## Activity
Keeping every word the same, give again only the lines from the one with "Angeboten wird ein" through the end of the data, both included, and leave every picture out.

Records from a data source:
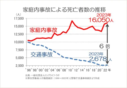 石原: ということは2023年の家庭内事故は交通事故の約6倍ってことですね。家の中の方が危ないんですね。
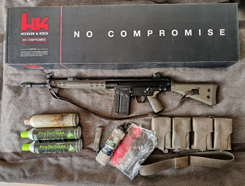 Angeboten wird ein wenig gebrauchtes Softair GBB Gewehr Heckler & Koch G3 inklusive umfangreichem Zubehör.
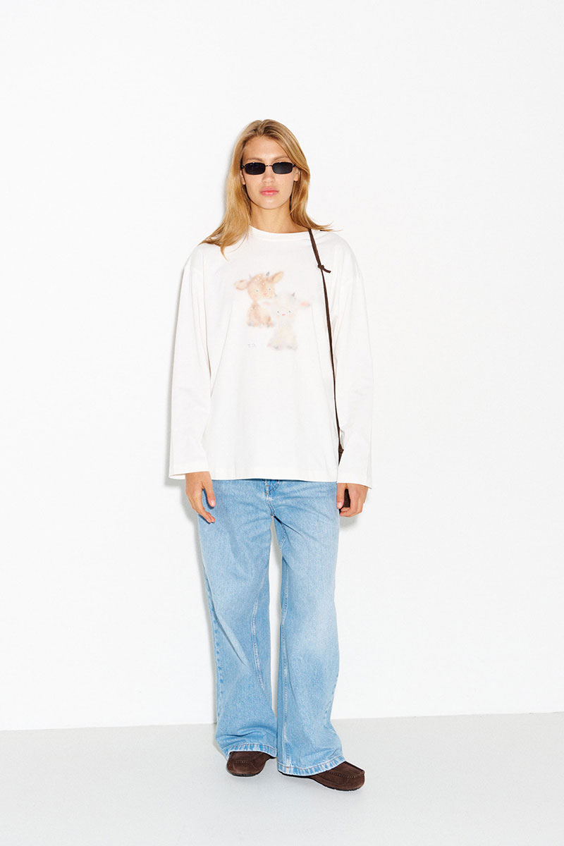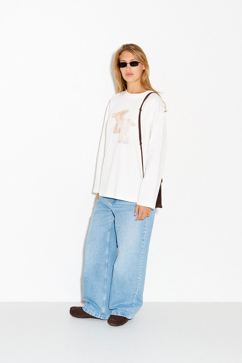 Молочный лонгслив с милым принтом, который не оставляет равнодушным.
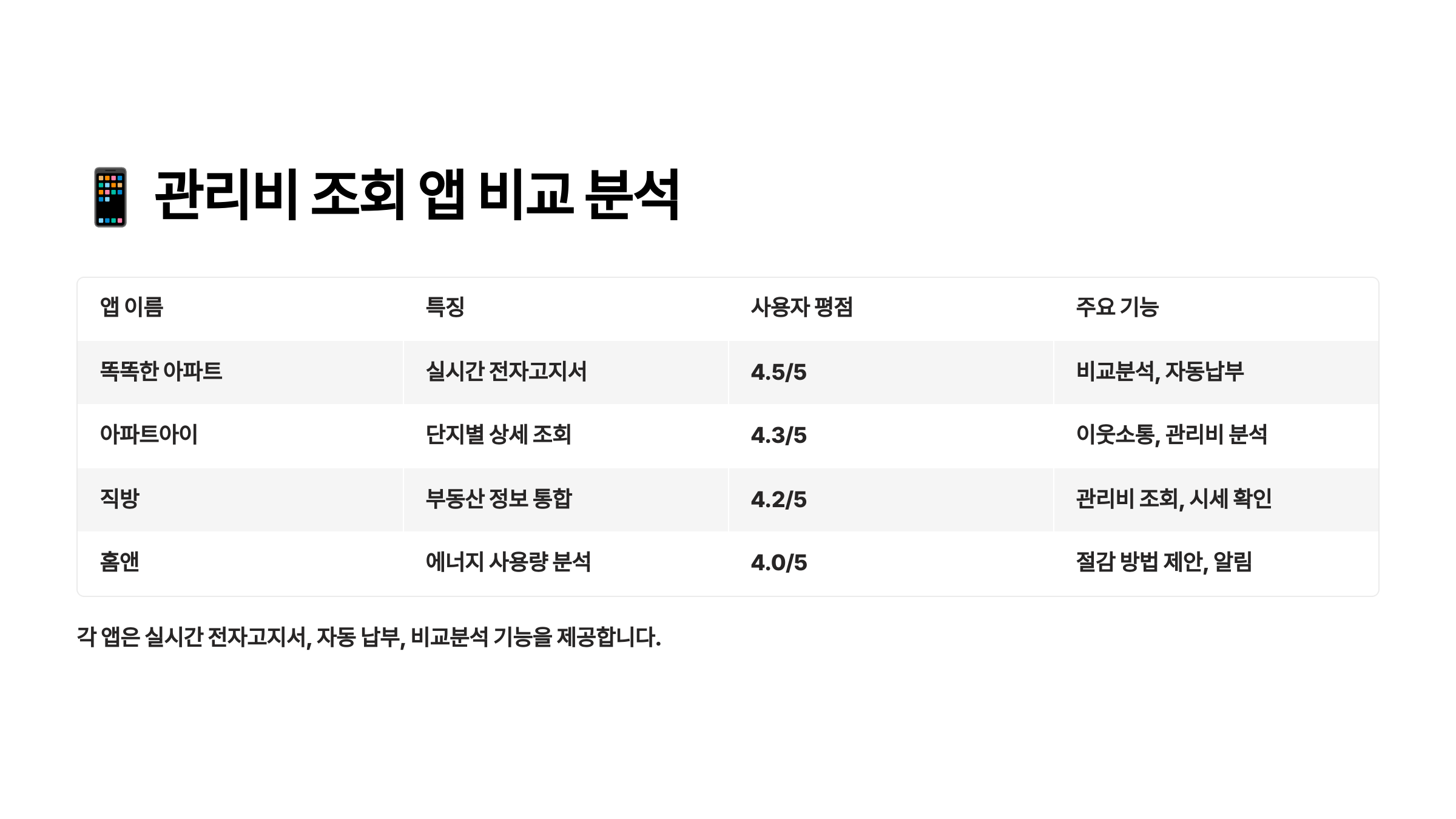 스마트폰 시대에 맞춰 관리비 조회도 모바일 앱으로 간편하게 할 수 있게 되었어요! 각 아파트 관리업체나 IT 기업들이 만든 다양한 앱들이 있는데, 각각의 특징과 장단점을 알아두면 좋답니다. 저도 여러 앱을 써보면서 느낀 점들을 공유해드릴게요.
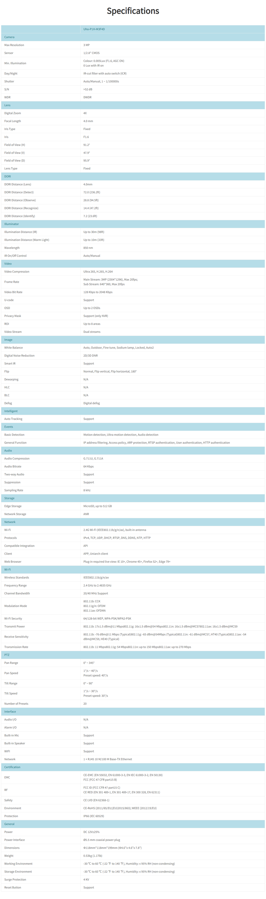 Uniarch P1H 3MP 4.0mm Outdoor PT WiFi CCTV Camera IR Night Vision

## Task output
 Angeboten wird ein wenig gebrauchtes Softair GBB Gewehr Heckler & Koch G3 inklusive umfangreichem Zubehör.
 Молочный лонгслив с милым принтом, который не оставляет равнодушным.
 스마트폰 시대에 맞춰 관리비 조회도 모바일 앱으로 간편하게 할 수 있게 되었어요! 각 아파트 관리업체나 IT 기업들이 만든 다양한 앱들이 있는데, 각각의 특징과 장단점을 알아두면 좋답니다. 저도 여러 앱을 써보면서 느낀 점들을 공유해드릴게요.
 Uniarch P1H 3MP 4.0mm Outdoor PT WiFi CCTV Camera IR Night Vision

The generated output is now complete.